As for the business environment surrounding the Nisso Group (hereinafter, the "Group") has been improving as domestic manufacturers, who are NISSO CORPORATION's (hereinafter, the "Company") important clients, have shown signs of recovery as mentioned above. As for the automobiles-related industry, production remained firm, although there were effects such as temporary suspensions of operations due to the impact of the Fukushima earthquake that occurred in February 2021. With regard to the electronic devices industry, production of electronic components and devices has been on a recovery trend against the backdrop of increased demand for IT as a result of 5G and changes in work-styles. In addition, in the employment situation, movements such as the number of employees and other factors, have shown signs of resilience, and the needs of the Company's clients to utilize external human resources have also been increasing.
In this environment, based on its founding philosophy of "Nurturing and Bringing Out the Best in People", the Group will continue the following initiatives to realize the enhancement of its corporate value with the aim of creating workplaces where employees can work with a sense of satisfaction and flourish, and provide services that can contribute to its growth as a company.
In the period under review, in the manufacturing-related human resources services, which is the core business of the Group, under the strategy of focusing on the assignment of "skilled staff", who are indefinite-term employees, to Account Companies, that are positioned as important clients, the Company has been actively developing human resources by utilizing its own educational facilities to improve the skills and retention rates of its manufacturing staff.

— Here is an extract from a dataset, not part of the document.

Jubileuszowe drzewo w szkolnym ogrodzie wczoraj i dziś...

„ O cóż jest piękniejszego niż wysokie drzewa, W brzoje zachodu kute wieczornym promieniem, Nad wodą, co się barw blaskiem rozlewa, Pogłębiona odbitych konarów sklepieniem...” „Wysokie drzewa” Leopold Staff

In Other Businesses, the Group has been making efforts to improve its management structure by enhancing the quality of services provided at "Sweetpea", its nursing care facilities located in 6 locations in Yokohama, increasing the number of its residents, and promoting operational efficiency.

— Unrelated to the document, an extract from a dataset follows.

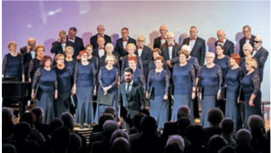
Prednovoletni koncert MePZ Vrelec

»Naš repertoar ni samo za ljubitelje umetniškega zborovskega pevtja, čeprav v zadnjem času večji podarek namenjamo tudi skladbam z višjo umetniško vrednostjo, ki pa so še vedno poslušljive. Z zborovodjem Dejanom Herakovičem namreč težimo k temu, da izvajamo pesmi, ki so nadgrajene z zahtevnejšo melodiko izvajanja,« je razložil Bizjak. Poleg izvajanja narodnih in ljudskih pesmi in napevov tako posegajo tudi po svetovni zborovski literaturi, med drugim so vključili Mozartovo sakralno skladbo Ave verum. »Z zahtevnejšimi skladbami nastopamo tudi na revijah upokojenskih pevskih zborov in na zadnjih dveh revijah smo se zelo dobro odrezali, saj smo osvojili prvo in drugo mesto, kar je zasluga izredno dobrega in strokovnega dela našega zborovodje. S temi uspehi je dobil še dodaten pogum, da z nami pripravlja tudi umetniško zahtevnejše zborovske skladbe.« Ob tem je Bizjak še poudaril, da se jim je v zadnjem letu prid-

In addition, 399 million yen in subsidy income was generated from non-operating income. This was mainly due to subsidies for employment adjustment associated with the spread of COVID-19.
In addition, extraordinary losses of 449 million yen were recorded. This was due to a loss on valuation of investment securities and a loss on retirement of non-current assets.
As a result, the results of operations for the period under review are as follows: net sales of 68,213 million yen (down 9.0% year-on-year), operating profit of 2,599 million yen (down 15.1% year-on-year), ordinary profit of 2,949 million yen (down 6.4% year-on-year), and profit attributable to owners of parent amounted to 1,592 million yen (down 21.7% year-on-year).